Charteris, Henry (1565-1628) (DNB00)
CHARTERIS, HENRY, the younger (1565–1628), minister and principal of the university of Edinburgh, eldest son of Henry Charteris, Scottish printer [q. v.], was educated at the university and graduated as M.A. in 1587, having been a student of the first class taught by Rollock, which numbered four future professors, two of whom, Charteris and Patrick Sands, became principals. Ten years after, on the death of Rollock, Charteris was appointed principal, having been recommended to the office by Rollock on his deathbed. To the principalship was then attached the professorship of divinity, and the salary, which had been four hundred, was increased in 1601 to six hundred marks. In 1617, when James I visited Scotland, a disputation was held before him at Stirling Castle by the professors of the university, but the modesty of Charteris led him to decline to take part in it.
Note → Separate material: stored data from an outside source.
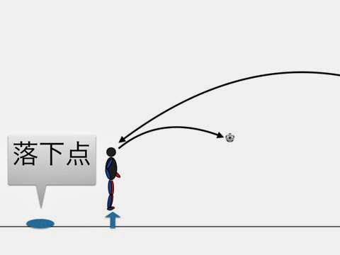 下がったらジャンプして最高到達地点でヘディングします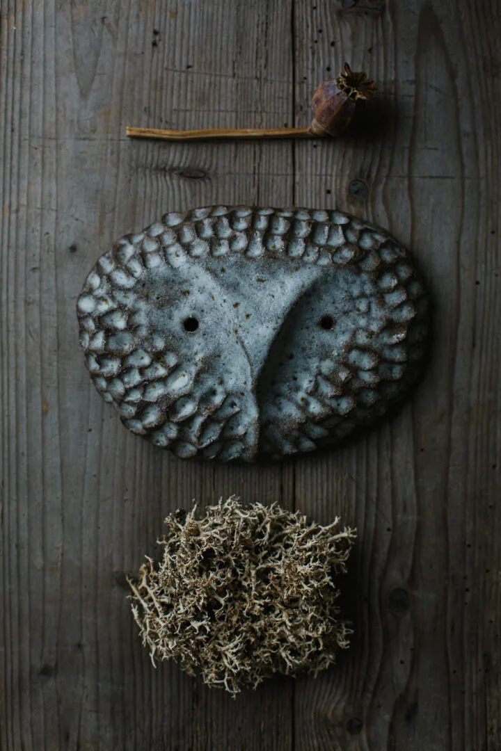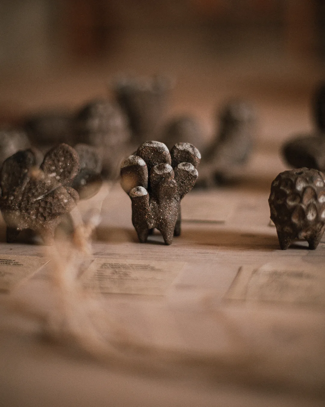 Inspired by flora and fauna, fantasy and primitive art, he slowly shapes the clay he extracts himself locally. He designs and crafts small poetic objects, mysterious creatures and raw-looking pottery.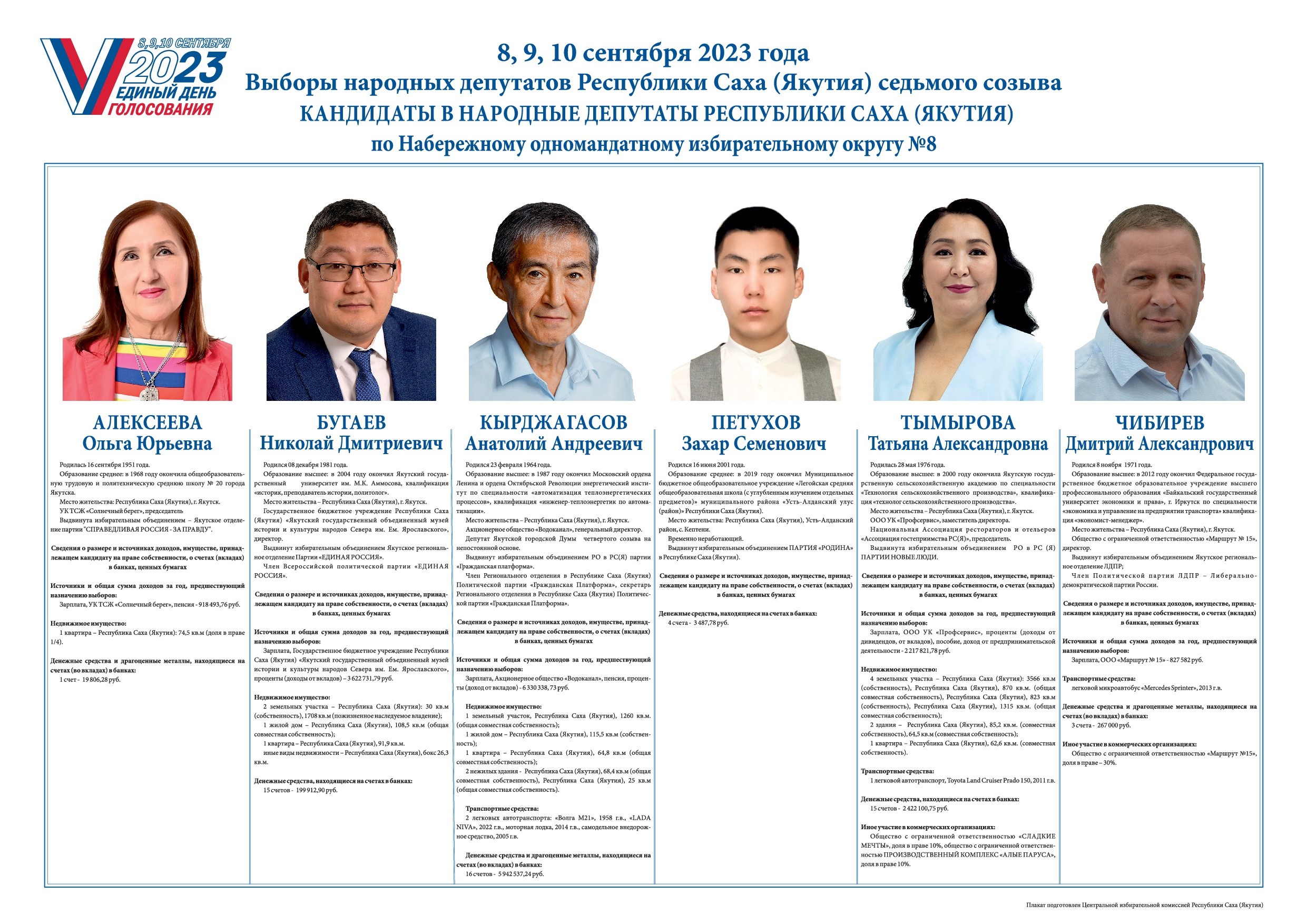 | 49 | ЧИБИРЕВ ДМИТРИЙ АЛЕКСАНДРОВИЧ, дата рождения — 8 ноября 1971 года, уровень образования — высшее, основное место работы или службы, занимаемая должность, род занятий — ООО «Маршрут №15», директор, место жительства — Республика Саха (Якутия), город Якутск | член Политической партии ЛДПР — Либерально-демократической партии России» | Якутское региональное отделение ЛДПР | 05.07.2023 | п.п.3-7 ст.35.1 ФЗ «Об основных гарантиях…» № 67-ФЗ | зарег.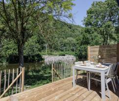 Klein aber fein. Unglaublich fein sogar! Denn trotz der geringen Größe genießen Sie in den Wohnräumen dieses winzigen Ferienhauses dennoch eine Klimaanlage, eine voll ausgestattete Küche mit allem Drum und Dran, einen gemütlichen Sitzbereich mit Fernseher und ein riesiges Fenster, das direkt auf den Fluss blickt, der nur 10 Meter entfernt liegt. Sie haben auch ein komplettes Badezimmer mit Dusche, Waschbecken und WC. Übernachten Sie im Obergeschoss in 2 Zwischengeschosszimmern. Auf den ersten Blick haben diese niedrige Decken, aber man gewöhnt sich sofort daran. Das eine Zimmer hat ein Doppelbett, das andere 2 Einzelbetten. Ideal also für eine Familie! Draußen haben Sie einen Garten und eine Holzterrasse, auf der Sie essen und grillen können. Gut zu wissen: Auch Ihr Hund ist hier willkommen!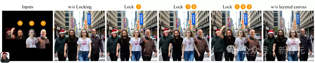 另外,在实验设置中,未锁定的层会根据已锁定的内容和整体场景上下文灵活调整,从而实现自然的协调与融合。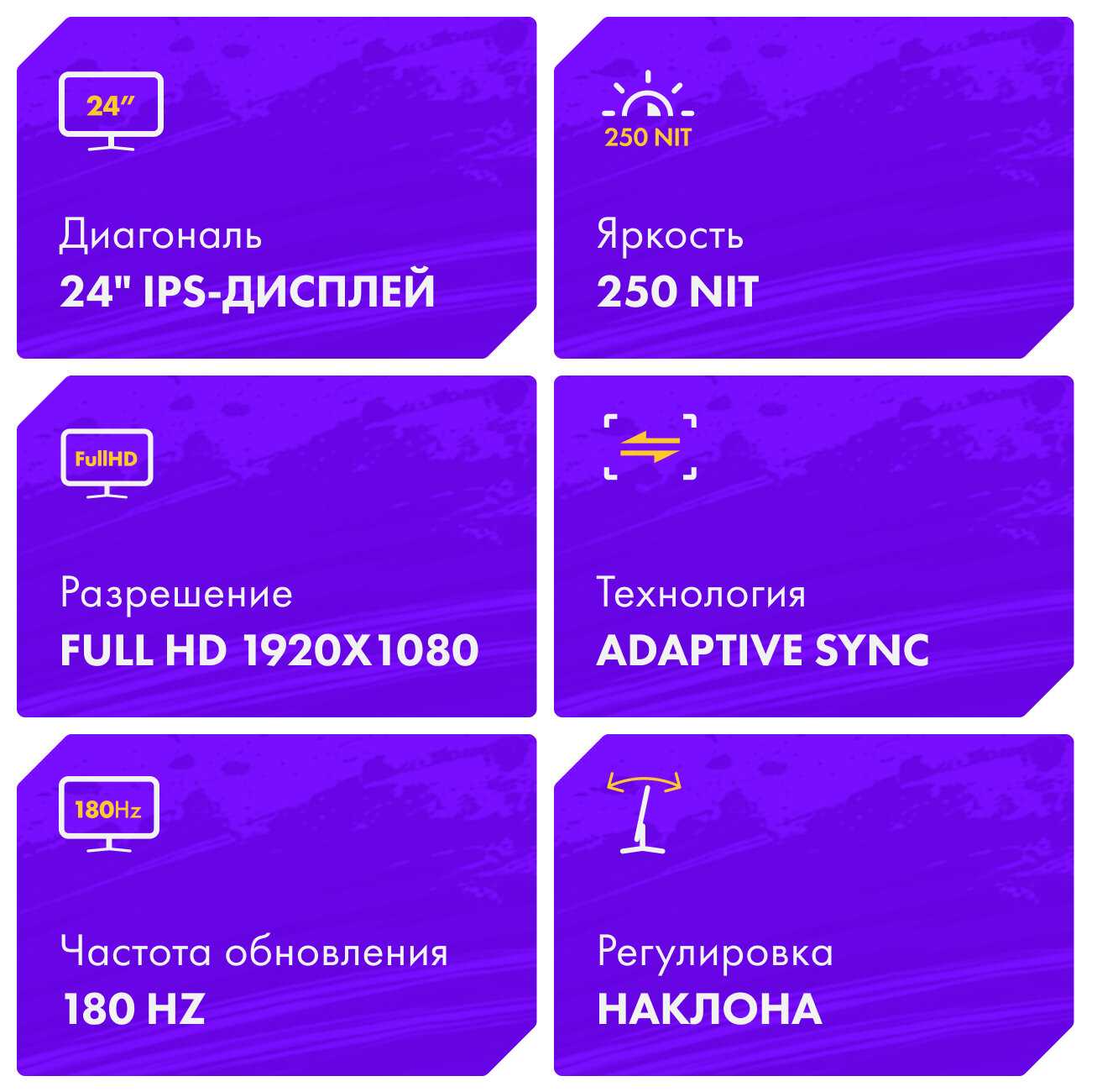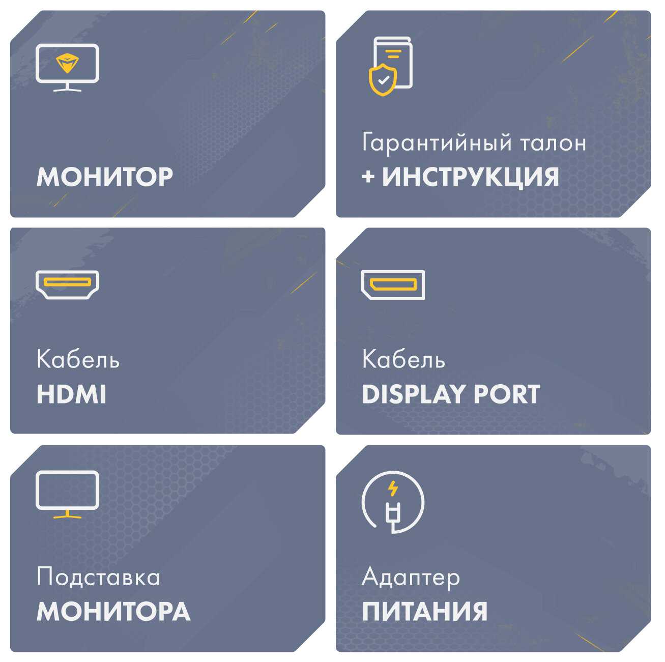 - В коробке HDMI, DisplayPort и кабель питания, что избавляет от допокупок; DP поддерживает полную герцовку (180+ Гц).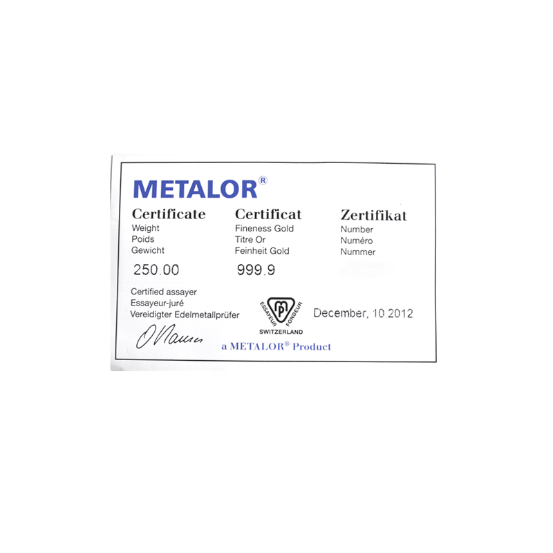 Par ailleurs, nous ne travaillons qu’avec des fondeurs reconnus et les produits sont tous certifiés par la LBMA (London Bullion Market Association), gage supplémentaire de leur qualité. Nous plaçons ces lingotins sous scellés avant de vous les remettre.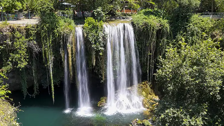 Turizm kenti Antalya'nın simge yerlerinden, Yeşilçam filmlerine de sahne olan Düden Şelalesi'nin suyu, hava sıcaklığının mevsim normallerinin 10 derece üzerinde seyrettiği bugünlerde gözle görülür derecede azaldı. Yağışın yoğun olduğu kış aylarında saniyede 94 metreküp debiyle akan su, bugünlerde 8 metreküpe kadar düştü. Antalya Büyükşehir Belediyesi de azalan su seviyesine çevre kaynaklardan su aktarımı yaparak şelaleyi beslemeye çalışıyor. Gün içinde 6 bin ziyaretçinin giriş yaptığı şelalede, ziyaretçiler mağaralarda serinleyip, şelalede fotoğraf çektirerek anı ölümsüzleştiriyor.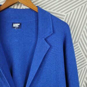 Lands End Cardigan Sweater Jacket Plus Size 3X casual Career blue Knit Pockets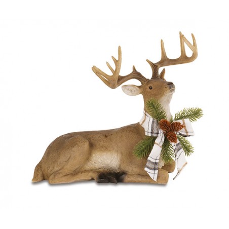 Statua di cervo seduto con i suoi colori naturali e fiocco tartan.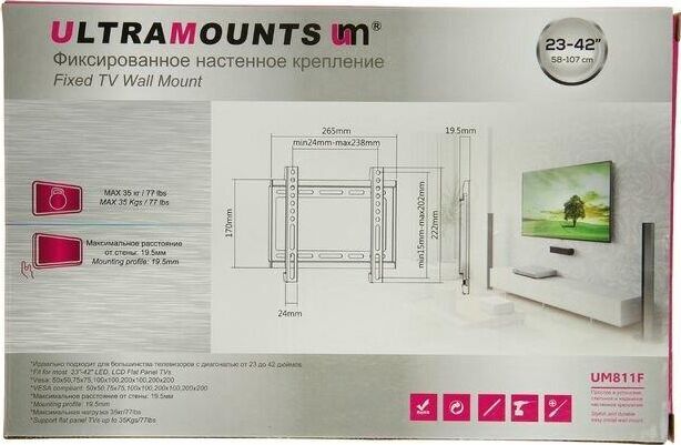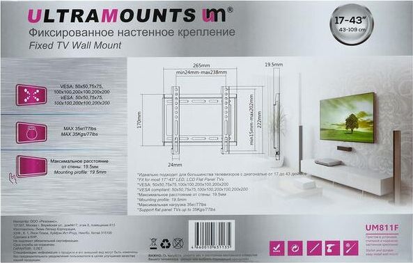 Диагональ экрана: 17"-43". VESA: 50x50, 75x75, 100x100, 200x100, 200x200. Максимальная нагрузка: 35 кг. Расстояние от стены: 19,5 мм. Материал: холоднокатаная сталь. Протестировано весом в 4 раза больше. Конструкция с улучшенной вентиляцией и доступом к проводам. Можно перемещать вправо-влево. Простой функциональный кронштейн легко устанавливается.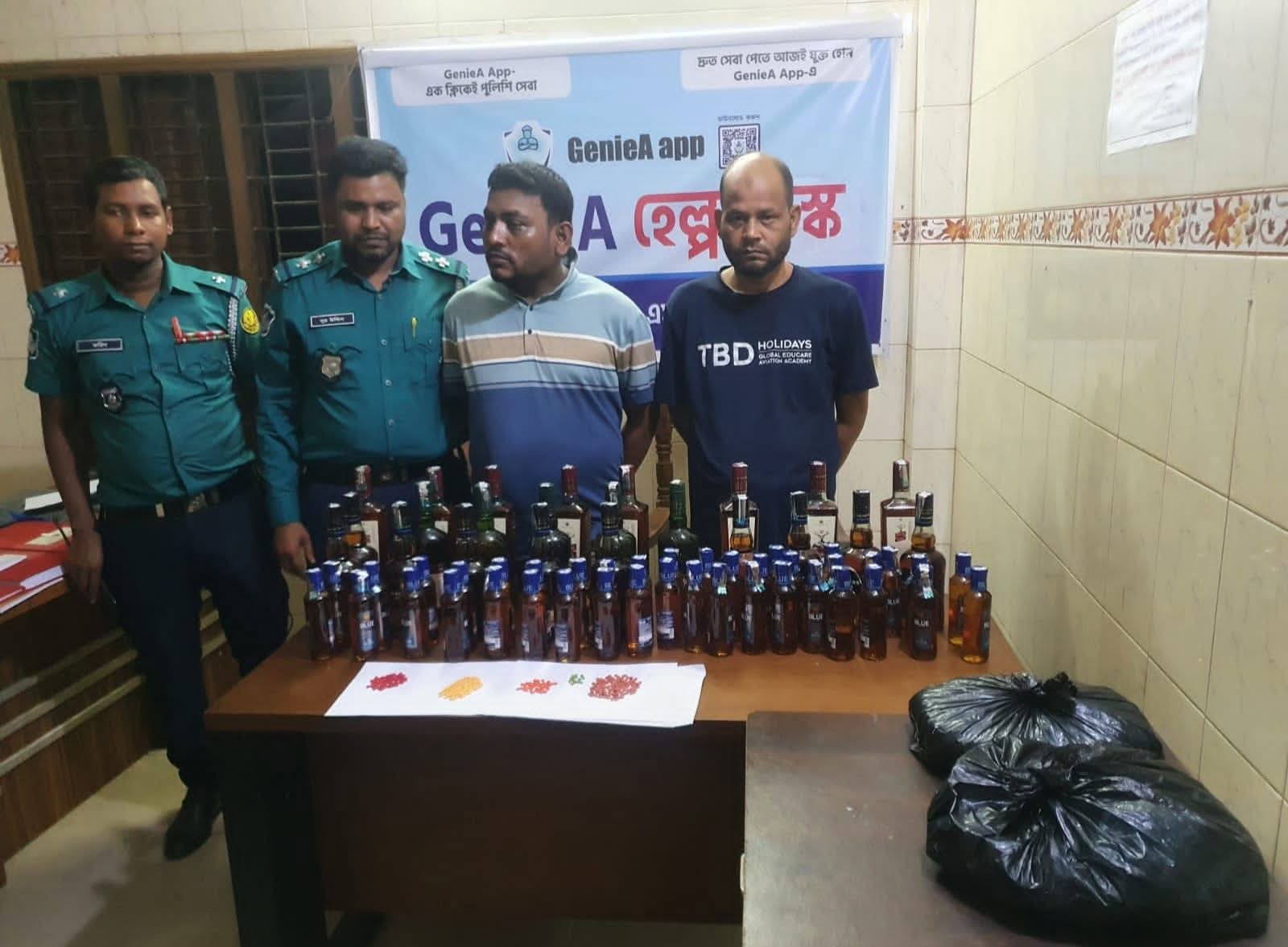 অভিযানে উভয় আসামীর নিকট হতে সর্বমোট ৩৫০ পিস ইয়াবা, ০১ কেজি ৫০০ গ্রাম গাঁজা, ৬৩ বোতল বিভিন্ন ব্র্যান্ডের বিদেশি মদ, ০১ বক্স মাদক সেবনের সহায়ক উপাদান হিসেবে ব্যবহৃত ফুয়েল পেপার এবং ০৪ বক্স অ্যালুমিনিয়াম ফয়েল উদ্ধার করা হয়।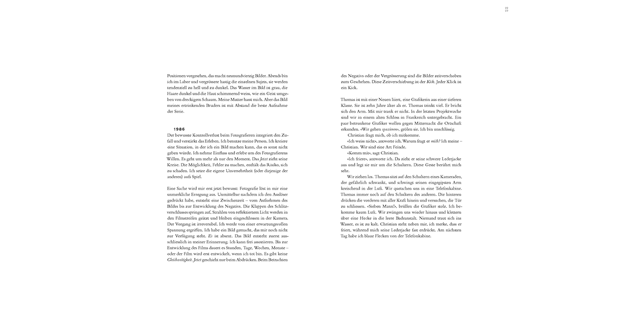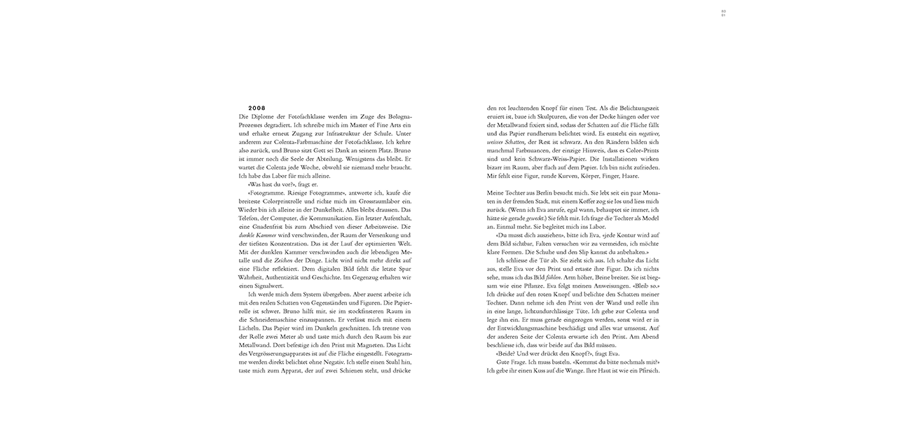 Dem fotografischen Werk steht der autobiographische Text in nichts nach. Eine direkte und unnachgiebige Sprache eröffnet Erdts Welt, in harten und weichen Tönen zeichnet sie ihr persönliches und fotografisches Leben nach, von der Jugend bis in die Gegenwart. Die langsame, sorgfältige Arbeit mit dem Negativ, die Entwicklung im Labor, die Einzigartigkeit und Verletzlichkeit des Materials – ein Teil davon kommt erst in der Sprache zu uns. In dieser Welt ist der Betrachtende nicht Eindringling, sondern Gast, nicht in der Fremde, sondern eigentlich bei sich.
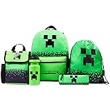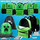 Minecraft Boys Backpack 5 Pc Gift Set with Creeper School Bookbag, Lunch Bag, Pencil Case, Water Bottle and Travel Daypack (Green)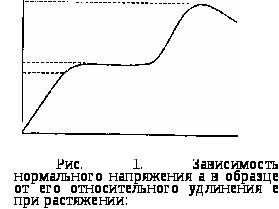 Реальные материалы обладают технической прочностью, основные характеристики которой удобно рассмотреть с помощью диаграммы растяжения образца из пластичного материала (рис.1).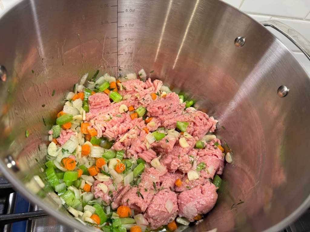 You begin by sautéing the onion, carrot, celery, garlic, and fresh rosemary in with your ground turkey – it makes for an incredibly flavorful soup base.

Among the royal puns on this occasion upon the names of the professors that on Charteris is said to have been, 'His name agreeth very well unto nature, for charters contain much matter yet say nothing, but put great purposes in men's mouths.' On 20 March 1620 Charteris resigned his office, having been called to be minister of North Leith. On 19 April 1627 he was recalled to fill the chair of professor of divinity, with a salary of a thousand merks and a house. He died in July 1628. He is described as a man of much learning, but the same modesty which prevented him from disputing before the king led him to write nothing except a revision of the Latin life by Robertson, one of the ministers of Edinburgh, his master and friend, Principal Rollock, published by the Wodrow Society in 1826.
[Dalzell’s and Grant's Histories of the University of Edinburgh; Hew Scott's Fasti Eccl. Scot. i. 93; Wodrow edition of Rollock's Works.]